The Vice President’s position on power sharing came three days after the Working People’s Alliance (WPA) revived its decades-old concept of executive power sharing in which the President and Prime Minister would be drawn from each major party and the major ministries would be headed by persons from those parties. “We, in the WPA, are saying that in the context of oil that that governance system must change  and we are arguing that there must be constitutional reform before the next election so, at the end of the day, when we finished voting race- and we know we vote race- when we finished voting a partisan way for the parties of our choice, the constitution must say both of these groups…must manage the affairs of the nation,” he said.

But Mr Jagdeo dismissed the WPA’s overall stance in recent times, saying that that party’s posturing was aimed at propelling itself back into the limelight among opposition diehards. “To show that they still have this relevance, they go out and they go and make these outrageous comments and hope that the outrageous comments will trigger a public outcry and they get their names mentioned and the WPA suddenly comes alive back on paper,” he said.
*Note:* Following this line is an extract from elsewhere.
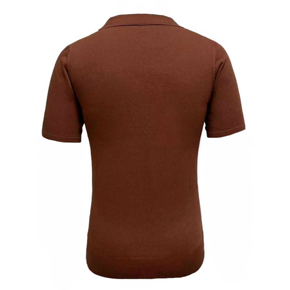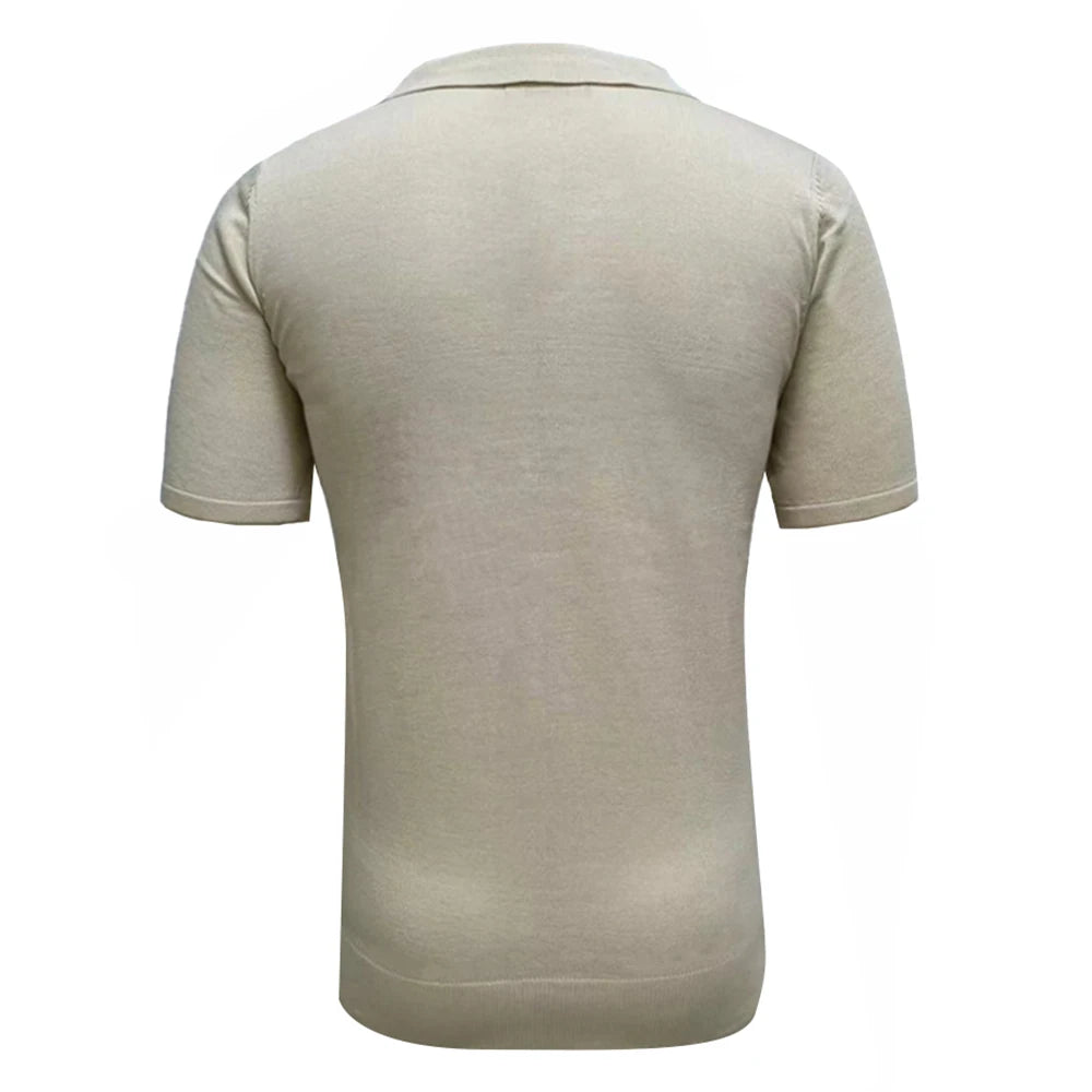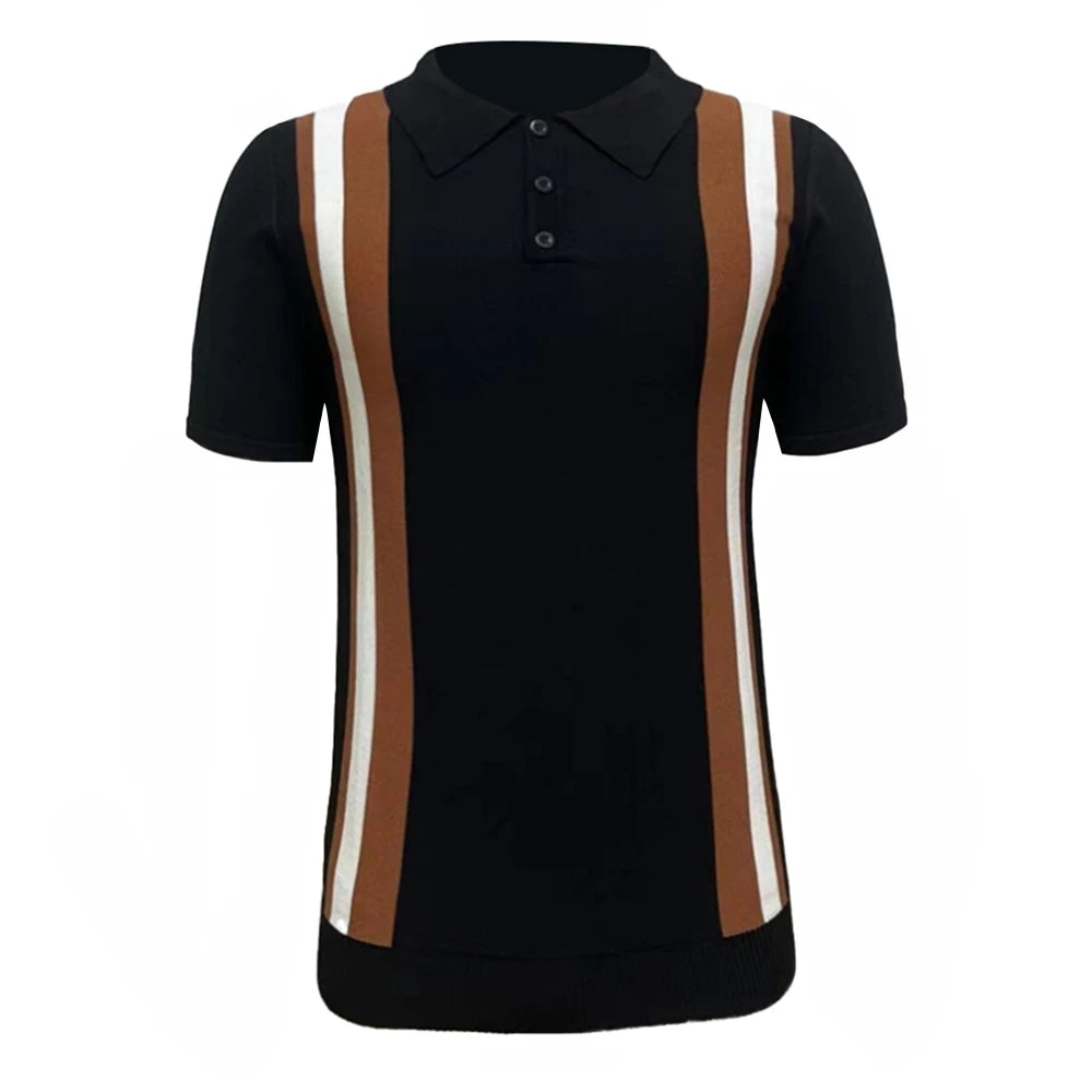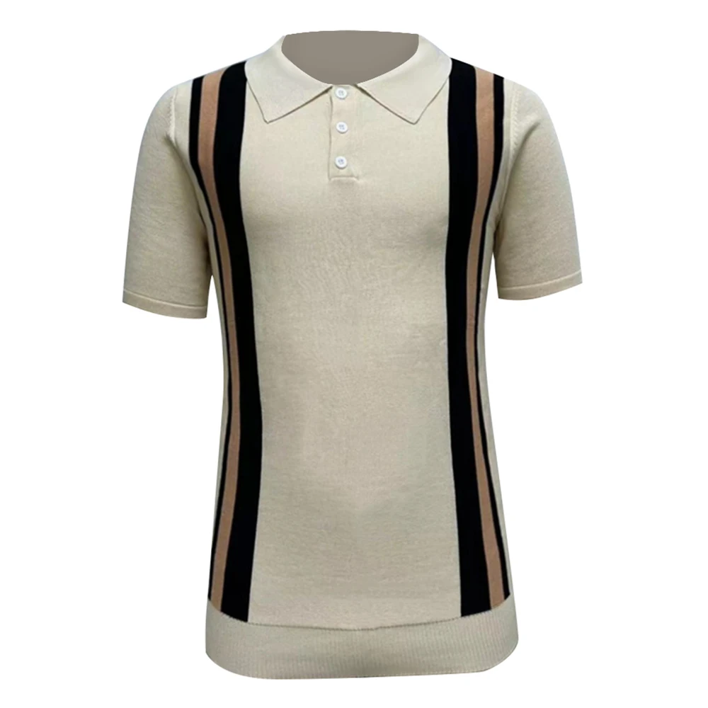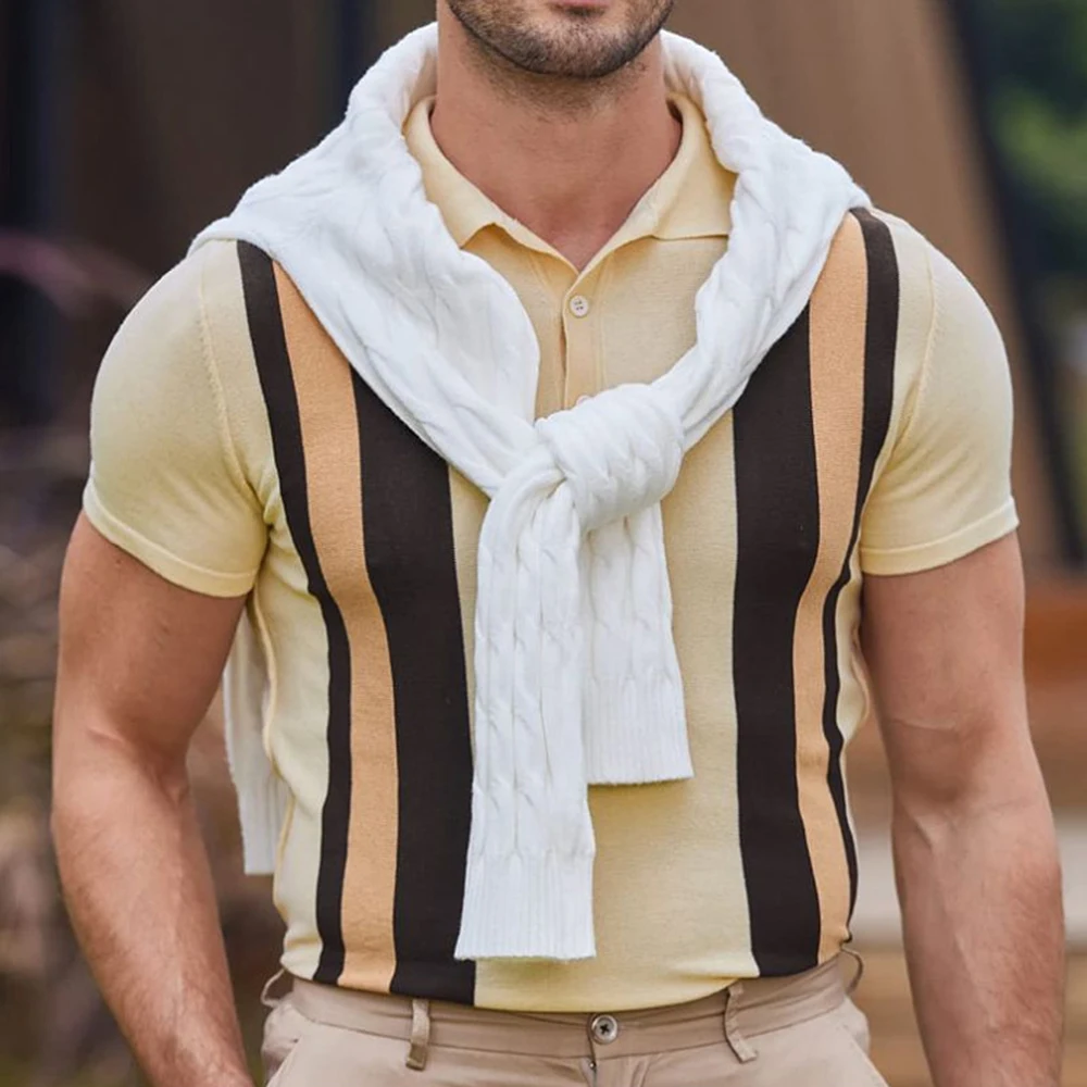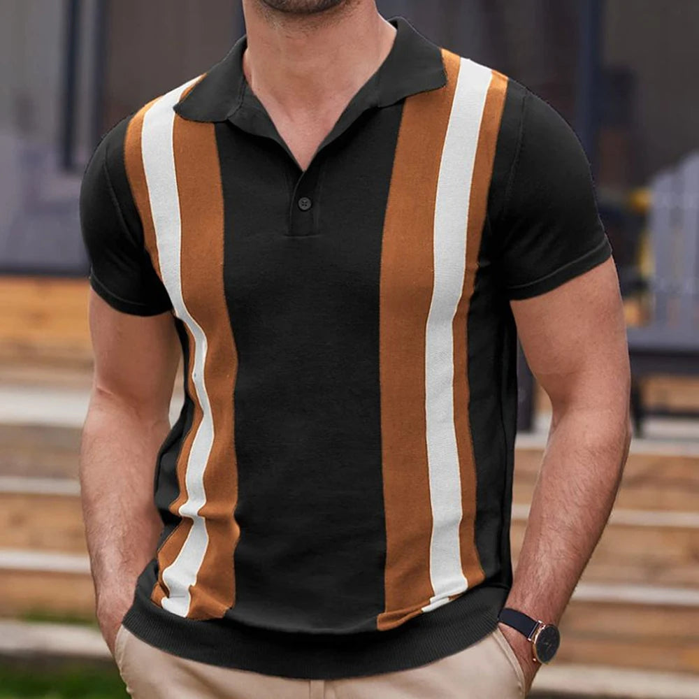 WIAOFELLAS - Contrast Striped Casual Knitted Short-Sleeved Polo Shirt New Business Comfortable Retro Versatile Shirt For Men

Without referring specifically to any of the WPA executive members or any particular utterance, he said called on the civilian law enforcement agency to take firm action. “This is a law and order issue and it requires immediate actions and you will see how quickly many of them will retreat so this typical of a dead organisation trying to resurrect itself once again by making these wild statements,” he added.

The WPA has been demanding equitable redistribution of oil revenues to African Guyanese as well as an end to other forms of discrimination such as the removal of Afro-Guyanese from government lands and the award of contracts.